The Delta is formed by the confluence of California’s two largest rivers, the Sacramento and the San Joaquin, where these freshwater rivers flow into the Pacific Ocean through the San Francisco Bay. Because the Delta crosses multiple county lines, CCRCD works closely with both Yolo and Solano RCDs to restore habitat throughout the Delta. As one of the largest estuaries in the US, the Delta is an important habitat for fish, shorebirds, and other wildlife. All anadromous fish (those that migrate from freshwater where they hatch to the ocean where they spend most of their lives)from the Sacramento and San Joaquin rivers migrate through the Delta. The Delta is an important nursery for fish and serves as rearing habitat for juvenile fish. For example, Chinook salmon and steelhead depend on the Delta as rearing habitat while they migrate to the ocean. Fourteen species of fish found in the Delta are imperiled by dwindling population numbers, largely due to habitat loss (Cloern et al. 2011). Despite the huge loss of habitat in the Delta, the remaining wetlands serve as an important stop on the Pacific Flyway, where migrating birds can rest and forage.
In addition to wildlife habitat, the Delta is a major source of water for human use. Two-thirds of the state’s population(approximately 27 million people) depend on water from the Delta for some portion of their water supply. As a critical element in the state-scale water-conveyance system, the Delta also supplies irrigation for at least $27billion in agricultural production that provides 45% of the nation’s produce (Dettinger et al. 2015).
Before colonization the Delta was an expansive marsh. Today more than 90% of the original wetlands have been lost to urban development, conversion to agricultural fields, or degraded by pollution and exotic species introductions. The dramatic change in Delta channel geometry has altered seasonal flow, salinity, and sediment regimes to the detriment of native species. These changes are exacerbated by the effects of climate change. Sea level rise puts 270,000 people and $62 billion of development at risk of flooding (Cloern et al. 2011).
The risks of climate change and the Delta’s critical role as both habitat and water supply create a complex challenge for management. The San Francisco Estuary Institute proposes several mitigation strategies in the San Francisco Bay Shoreline Adaptation Atlas, and CCRCD is committed to implementing these strategies for the benefit of our county. The EcoStewards are involved in tidal marsh restoration projects that increase habitat while mitigating flood risk, and CCRCD works with farmers to integrate habitat on working lands.

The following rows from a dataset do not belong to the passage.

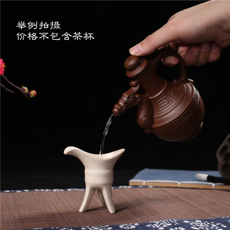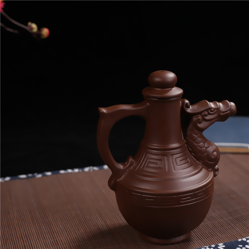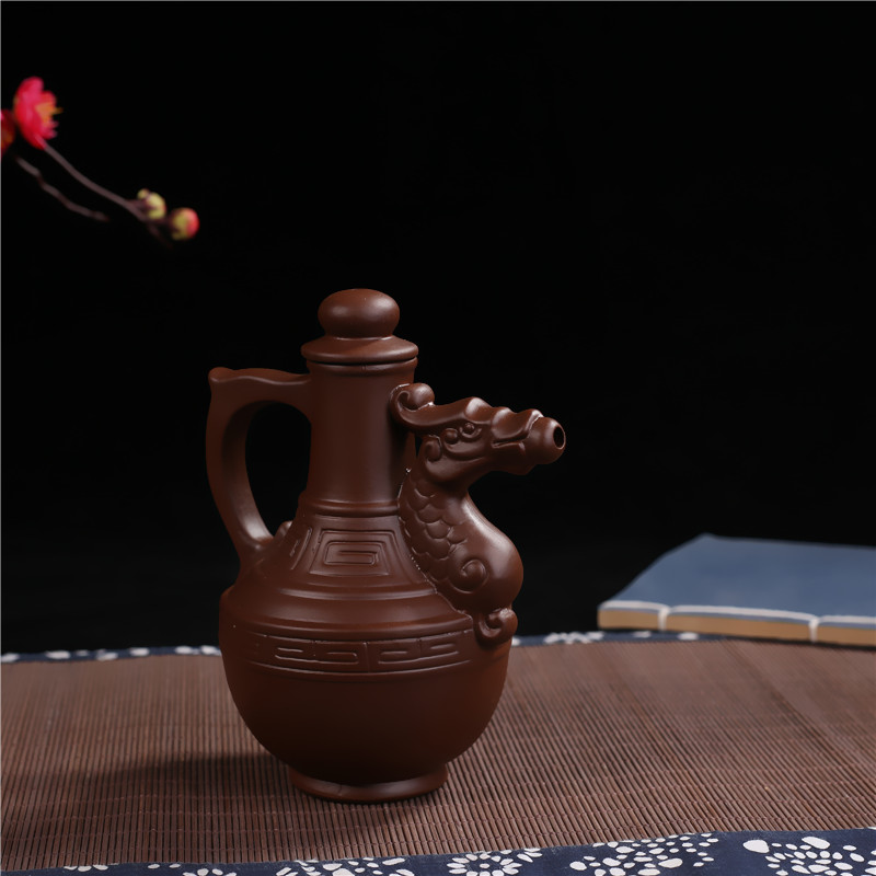 紫砂壺半手工壺龍躍云海壺紫泥原礦泥壺家用博古擺件裝飾壺270ml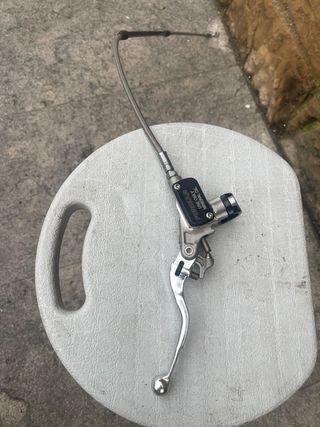 Bomba de embrague de la marca Formula, diseñada para usar con aceite minera, con latiguillo incluido, ideal para moto de Trial, prácticamente nueva. - Cuerpo principal de metal. - Palanca de embrague. - Depósito de líquido integrado.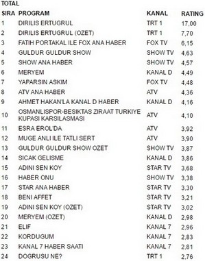 Trt 1 ekranlarında yayınlanan Diriliş Ertuğrul 17 ocak çarşamba akşamı aldığı 17.00 reytingle en çok izlenen program oldu.Diriliş Ertuğrul büyük bir başarıya imza atarak Kanal D ekranlarında yayınlanan Meryem’i geçmeyi başardı. Diriliş Ertuğrul Özet 7.70 reyting oranıyla 2. olurken. İlginçtir ki reytinglerde 3.lüğe ise 6.15 reytingle Fatih Portakal İle Fox Ana Haber yerleşti

The problems facing the Delta can be overwhelming, and competing needs make management complex. Over the past century humans have dramatically altered the landscape of the Delta to meet their needs while devastating critical habitat. Human-caused climate change continues to impact the Delta, putting both humans and wildlife at risk. But solutions are being developed and implemented now in the Delta. Some days I see more birds than people while working on habitat restoration sites in the Delta alongside legacy farms and housing developments. I am encouraged by how we are working towards a more sustainable future where human and wildlife needs are met.
Sources
Cloern, James E., etal. "Projected Evolution of California's San Francisco Bay-Delta-RiverSystem in a Century of Climate Change." PLoS ONE, vol. 6, no. 9, 21 Sept.2011, p. e24465. Gale Academic OneFile,link.gale.com/apps/doc/A476878038/AONE?u=ccsf_main&sid=bookmark-AONE&xid=d0ac12c4.Accessed 2 Oct. 2022.